If an entry holds a picture, leave the picture out and copy the rest of the listing exactly.
- Opening Delimiter -
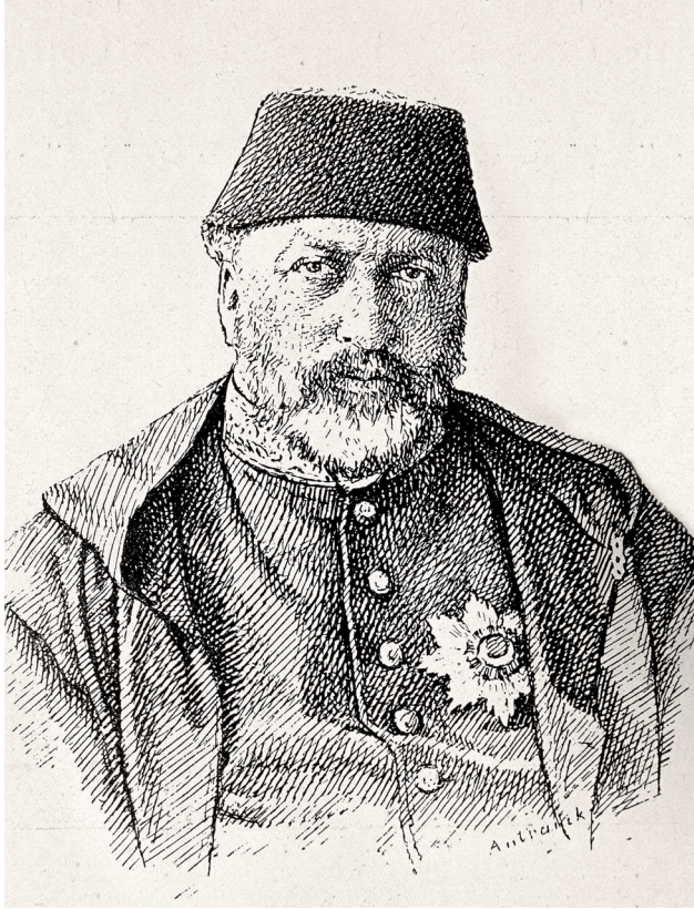
1 Antranik Efendi, Sultan Abdülaziz Portresi , (Osmanlı Ressamlar Cemiyeti Gazetesi, 25 Nisan 1328, No. 12).
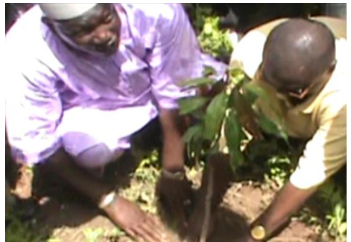
Plantation symbolique par le Président de l'APCAM
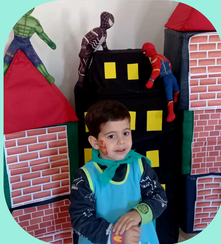
JUEGO Y ARTE
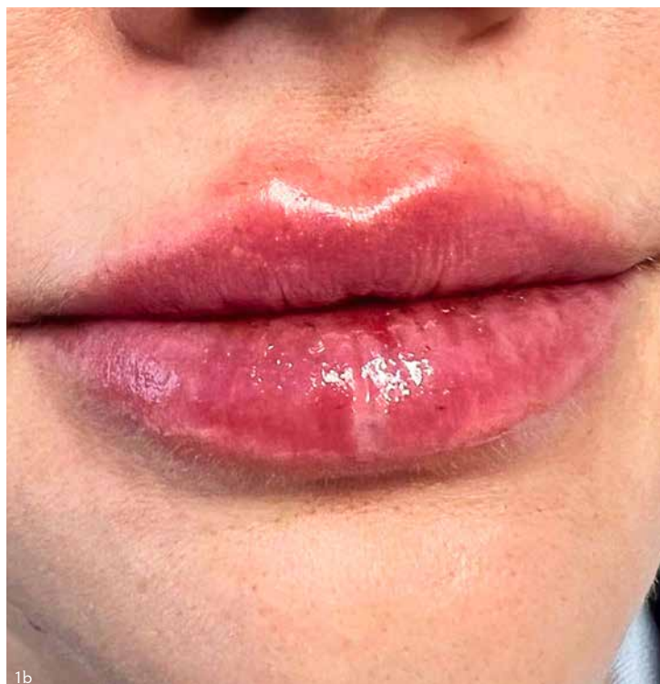
Фото 1. Клинический случай № 1. А — до процедуры, б — сразу после
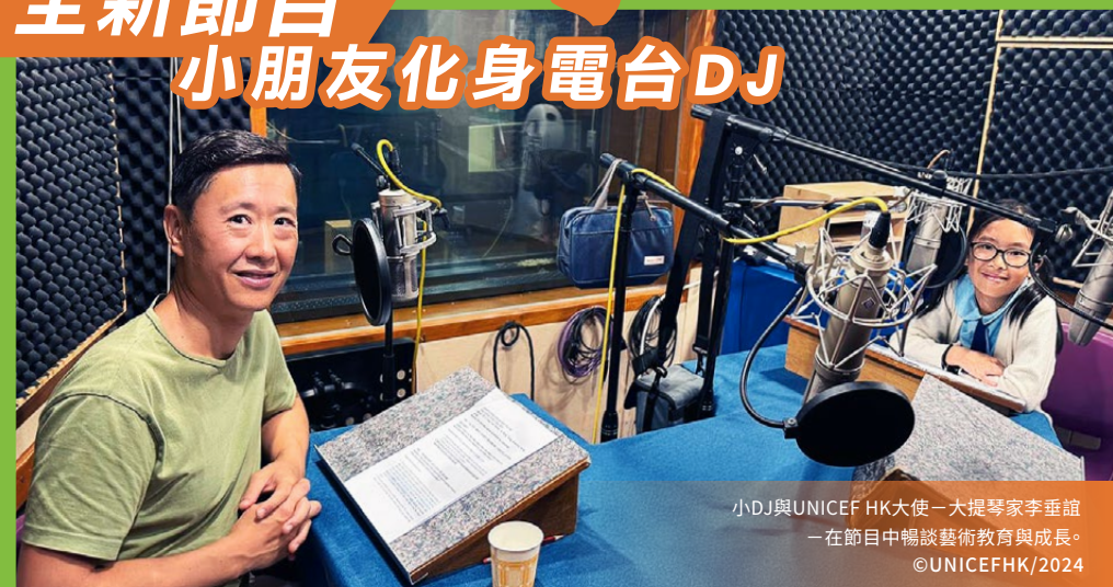
小DJ與UNICEF HK大使—大提琴家李垂誼 — 在節目中暢談藝術教育與成長。
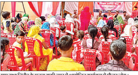
ग्राम सभा जिवंदर के मजरा बाकी नगर में आयोजित कार्यक्रम में मौजूद लोग।

स्कूल के शिक्षक, पुलिस और विशेषज्ञों ने बालिकाओं को नारी शक्ति और महिलाओं की उपलब्धियों के बारे में जानकारी दी। उन्हें यह सिखाया गया कि किसी भी तरह की परेशानी या
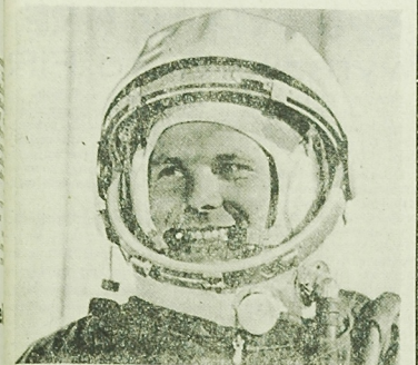
Dzień, w którym pierwszy człowiek na świecie odbył podróż kosmiczną, obchodzony jest jako Dzień Kosmonautyki. Dokładnie sześć lat temu JURIJ GAGARIN (na zdjęciu) dokonał w statku kosmicznym „Wostok” pierwszego rakietowo-satelitarnego lotu, w czasie którego jeden raz okrążył glob ziemski.

Zachmurzenie umiarkowane, możliwe lokalne burze i przelotne opady. Temp. ok. 20 st. C. Wiatry słabe południowo-wschodnie 1-2 m/s.
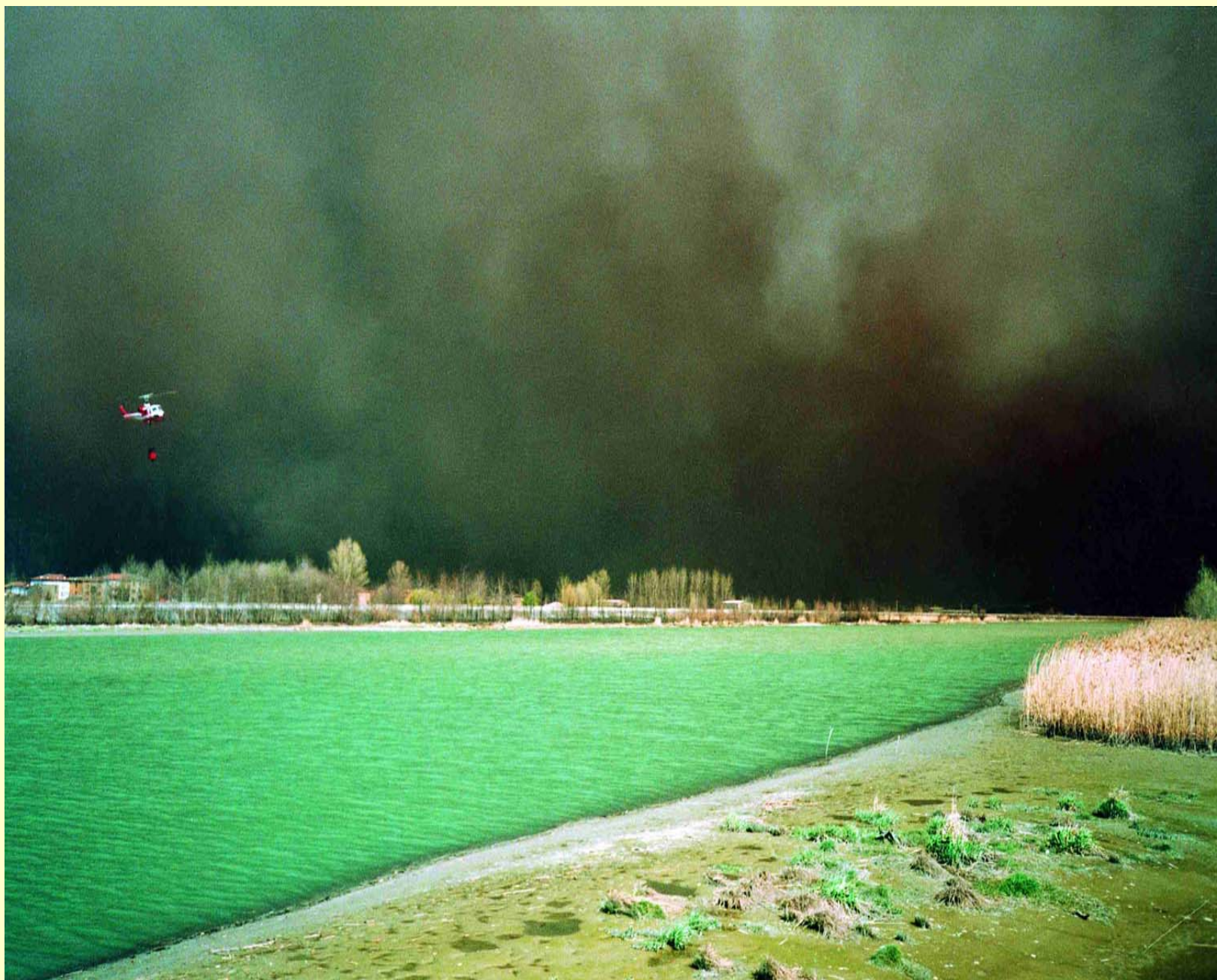
Ardenno (So) 1998 visto da Sondrio
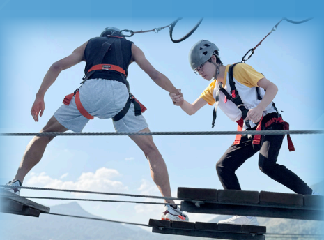
「友」你「友」我共歷難關
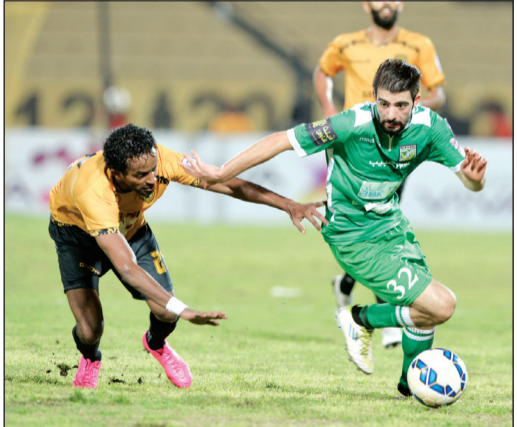
«دريبي»، تاري بين العربي والقادسية (الأزرق، كوم)

هيلاري تتقدم.. ومناعب ترامب مع المحافظين تتفاقم
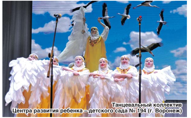
Танцевальный коллектив Центра развития ребенка – детского сада № 194 (г. Воронеж)
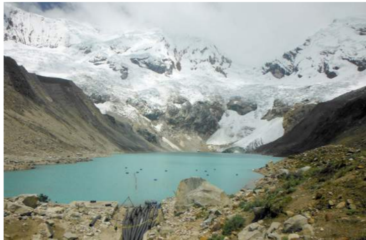
Der Gletschersee Palcacocha mit einem provisorischen Abpumpsystem im Vordergrund, das nicht ausreichend ist, um eine gefährliche Flutwelle zu vermeiden.
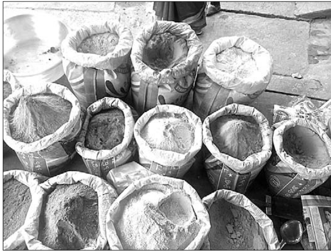
କଟକରେ ବିକ୍ରି ହେଉଥିବା ବିଭିନ୍ନ କିନ୍ଦର ରଙ୍ଗ।

ଅଭିଯାନ ପରେ ରଙ୍ଗର ପର୍ବ ହୋଇଛି। ଅଭିଯାନ ଉପରେ ପାଣିକୁ ଚିକିତ୍ସା କରାଯାଇଛି।
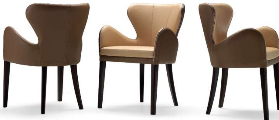
chair 58x56 h 80 / Outside frame Leather art. SETA col. 32488. Inside frame and seat cushion Leather art. SETA col. 22211. Thread col. 8362. Lacquered Wenge wooden feet.

Consulta i legni Discover the woods Consultez les bois
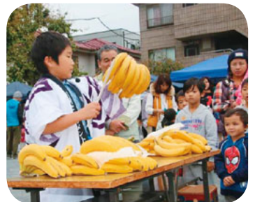
おいしいバナナだよ

幸区川崎セツルメント診療所近くの古市場第5公園で11月4日に『第23回ふれあい健康まつり』が開かれました。中部建設青年部有志による太鼓演奏からはじまり、今年注目は、古市場小学5年生による「バナナのたたき売り」です。お客さんとの掛け合いもなかなか上手で、なかには看護小規模多機能の利用者さんやみよびの利用者さんも参加しておおいに盛り上がりしました。また、鹿島田商店街にあるティーンズダンスルームから、3グループ20人がキッズダンスを披露、小さいダンサーにたくさん拍手があげられました。子どもコーナーではベীগマまわし・輪投げ・ボールアートを準備。ボールアートコーナーには長い行列ができていました。昼頃から、雨模様となりましたが、楽しい秋の日を過ごすことができました。古向支部 坂内亮 多摩川河川敷で毎朝行っている太極拳グループ「日の出会」のみなさんの演舞、ミニ運動会、健康体操、トランペットの演奏が行われました。 おいしいバナナだよ
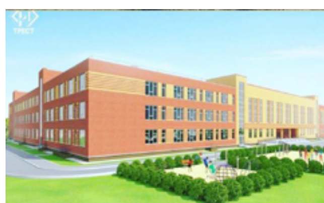
А так будет выглядеть новая Лысьвенская школа.

6. Строительство новой школы на улице Балахнина - совместный результат подключения к решению этого важного для Лысьвы и лысьвенцев вопроса местных и региональных единороссов.
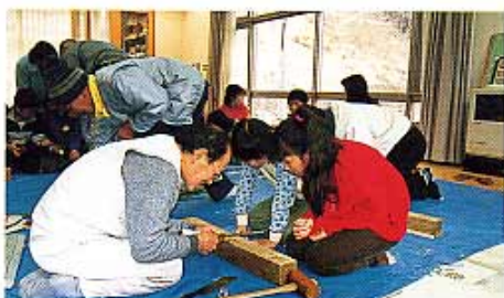
竹鉄線づくり体験
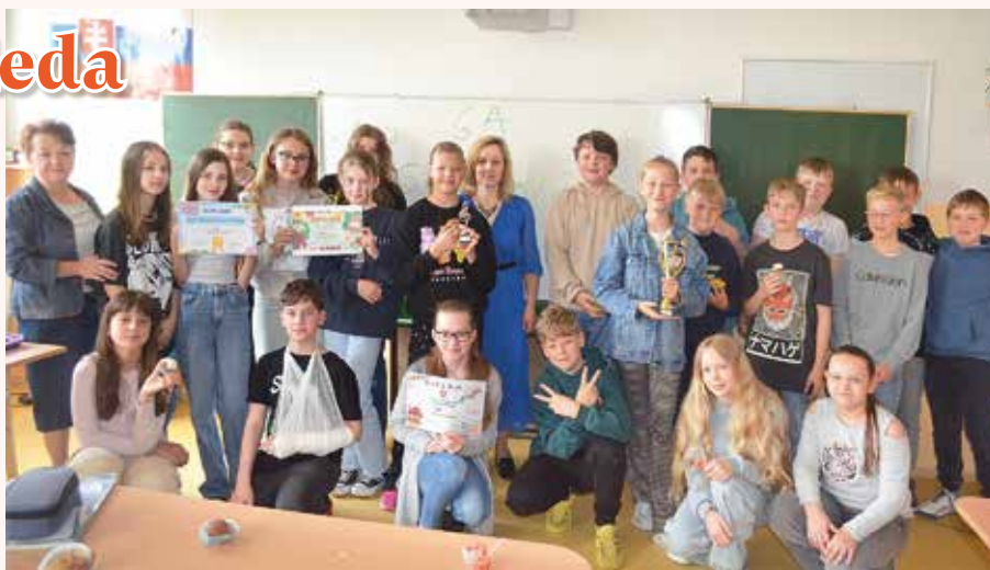
Výhercovia v každej kategórii zo 6.A

pridávali aj jednoduché tance. Svoje schopnosti sme potom prezentovali v piatky na hodinách Triedneho spoločenstva. Vyhodnotenie našich umeleckých zručností sme sa dozvedeli v prvý májový piatok. Po svätej omši v škole sme sa dozvedeli, že najlepšou triedou z 2. stupňa v ľudovej aj gospeľovej piesni sme sa stali my, 6.A. Naozaj sme sa veľmi tešili. 1. miesto v anglickej piesni na 2. stupni vyhrali žiaci 5.B. Z 1. stupňa boli najlepší speváci z 3.A, ktorí vyhrali anglickú aj gospeľovú pieseň. 1. miesto z ľudovej piesne si vybojovali prváci pani učiteľky Poltárovej. Keďže sme mali až dve prvé miesta, za odmenu išla
- Closing Delimiter -
__Written response__:
1 Antranik Efendi, Sultan Abdülaziz Portresi , (Osmanlı Ressamlar Cemiyeti Gazetesi, 25 Nisan 1328, No. 12).
Plantation symbolique par le Président de l'APCAM
JUEGO Y ARTE
Фото 1. Клинический случай № 1. А — до процедуры, б — сразу после
小DJ與UNICEF HK大使—大提琴家李垂誼 — 在節目中暢談藝術教育與成長。
ग्राम सभा जिवंदर के मजरा बाकी नगर में आयोजित कार्यक्रम में मौजूद लोग।

स्कूल के शिक्षक, पुलिस और विशेषज्ञों ने बालिकाओं को नारी शक्ति और महिलाओं की उपलब्धियों के बारे में जानकारी दी। उन्हें यह सिखाया गया कि किसी भी तरह की परेशानी या
Dzień, w którym pierwszy człowiek na świecie odbył podróż kosmiczną, obchodzony jest jako Dzień Kosmonautyki. Dokładnie sześć lat temu JURIJ GAGARIN (na zdjęciu) dokonał w statku kosmicznym „Wostok” pierwszego rakietowo-satelitarnego lotu, w czasie którego jeden raz okrążył glob ziemski.

Zachmurzenie umiarkowane, możliwe lokalne burze i przelotne opady. Temp. ok. 20 st. C. Wiatry słabe południowo-wschodnie 1-2 m/s.
Ardenno (So) 1998 visto da Sondrio
「友」你「友」我共歷難關
«دريبي»، تاري بين العربي والقادسية (الأزرق، كوم)

هيلاري تتقدم.. ومناعب ترامب مع المحافظين تتفاقم
Танцевальный коллектив Центра развития ребенка – детского сада № 194 (г. Воронеж)
Der Gletschersee Palcacocha mit einem provisorischen Abpumpsystem im Vordergrund, das nicht ausreichend ist, um eine gefährliche Flutwelle zu vermeiden.
କଟକରେ ବିକ୍ରି ହେଉଥିବା ବିଭିନ୍ନ କିନ୍ଦର ରଙ୍ଗ।

ଅଭିଯାନ ପରେ ରଙ୍ଗର ପର୍ବ ହୋଇଛି। ଅଭିଯାନ ଉପରେ ପାଣିକୁ ଚିକିତ୍ସା କରାଯାଇଛି।
chair 58x56 h 80 / Outside frame Leather art. SETA col. 32488. Inside frame and seat cushion Leather art. SETA col. 22211. Thread col. 8362. Lacquered Wenge wooden feet.

Consulta i legni Discover the woods Consultez les bois
おいしいバナナだよ

幸区川崎セツルメント診療所近くの古市場第5公園で11月4日に『第23回ふれあい健康まつり』が開かれました。中部建設青年部有志による太鼓演奏からはじまり、今年注目は、古市場小学5年生による「バナナのたたき売り」です。お客さんとの掛け合いもなかなか上手で、なかには看護小規模多機能の利用者さんやみよびの利用者さんも参加しておおいに盛り上がりしました。また、鹿島田商店街にあるティーンズダンスルームから、3グループ20人がキッズダンスを披露、小さいダンサーにたくさん拍手があげられました。子どもコーナーではベীগマまわし・輪投げ・ボールアートを準備。ボールアートコーナーには長い行列ができていました。昼頃から、雨模様となりましたが、楽しい秋の日を過ごすことができました。古向支部 坂内亮 多摩川河川敷で毎朝行っている太極拳グループ「日の出会」のみなさんの演舞、ミニ運動会、健康体操、トランペットの演奏が行われました。 おいしいバナナだよ
А так будет выглядеть новая Лысьвенская школа.

6. Строительство новой школы на улице Балахнина - совместный результат подключения к решению этого важного для Лысьвы и лысьвенцев вопроса местных и региональных единороссов.
竹鉄線づくり体験
Výhercovia v každej kategórii zo 6.A

pridávali aj jednoduché tance. Svoje schopnosti sme potom prezentovali v piatky na hodinách Triedneho spoločenstva. Vyhodnotenie našich umeleckých zručností sme sa dozvedeli v prvý májový piatok. Po svätej omši v škole sme sa dozvedeli, že najlepšou triedou z 2. stupňa v ľudovej aj gospeľovej piesni sme sa stali my, 6.A. Naozaj sme sa veľmi tešili. 1. miesto v anglickej piesni na 2. stupni vyhrali žiaci 5.B. Z 1. stupňa boli najlepší speváci z 3.A, ktorí vyhrali anglickú aj gospeľovú pieseň. 1. miesto z ľudovej piesne si vybojovali prváci pani učiteľky Poltárovej. Keďže sme mali až dve prvé miesta, za odmenu išla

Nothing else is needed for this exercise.